Data excerpt:
Segment Open

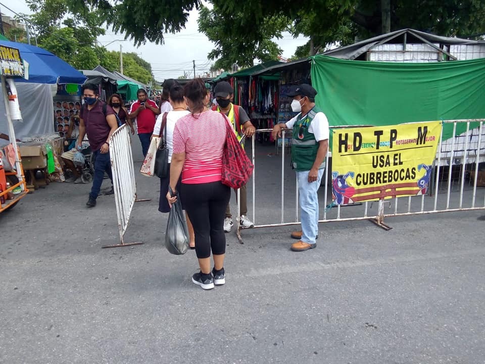 Una de estas acciones en la zona norte es la operación en “burbuja sanitaria”, que se lleva a cabo en Punta Cancún y en los tianguis del municipio de Benito Juárez.
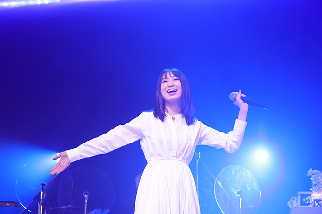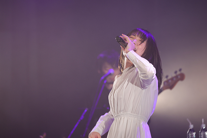 本編ラストは「ヒロインにはなれなくて」のリード曲でもあり、川崎鷹也が提供した「愛しい人、赤い糸」。切ない片想いソングではあるが、「ツアーで歌い続けるうちに、愛しい人を想う「大切さ」「温かさ」の部分がすごく強くなってきた曲。ここにいる大切な皆さんへ向けて歌います。」と話し、振り絞るように全力で歌い上げた。
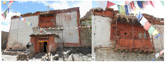Gönpa Gang is made from simple elements of Tibetan architecture, namely masonry walls, timber posts, and beams. The building is of imposing size. The plan of the gönpa fits into a rectangle, with approximate dimension of 20 m by 25 m. The main entrance to the building is on the eastern façade (Figure 3a). There are stone steps leading up to a small projecting masonry porch. Above the porch, there is projecting entablature supporting a balcony with a large rabsal window (closed with later masonry) and a two-tiered projecting canopy [1] (Figure 3b).

Segment Closed

Extract, word for word, every line from the one containing "本編ラストは「ヒロインにはな" to the end of the data above, both ends included, and leave out the pictures.

 本編ラストは「ヒロインにはなれなくて」のリード曲でもあり、川崎鷹也が提供した「愛しい人、赤い糸」。切ない片想いソングではあるが、「ツアーで歌い続けるうちに、愛しい人を想う「大切さ」「温かさ」の部分がすごく強くなってきた曲。ここにいる大切な皆さんへ向けて歌います。」と話し、振り絞るように全力で歌い上げた。
Gönpa Gang is made from simple elements of Tibetan architecture, namely masonry walls, timber posts, and beams. The building is of imposing size. The plan of the gönpa fits into a rectangle, with approximate dimension of 20 m by 25 m. The main entrance to the building is on the eastern façade (Figure 3a). There are stone steps leading up to a small projecting masonry porch. Above the porch, there is projecting entablature supporting a balcony with a large rabsal window (closed with later masonry) and a two-tiered projecting canopy [1] (Figure 3b).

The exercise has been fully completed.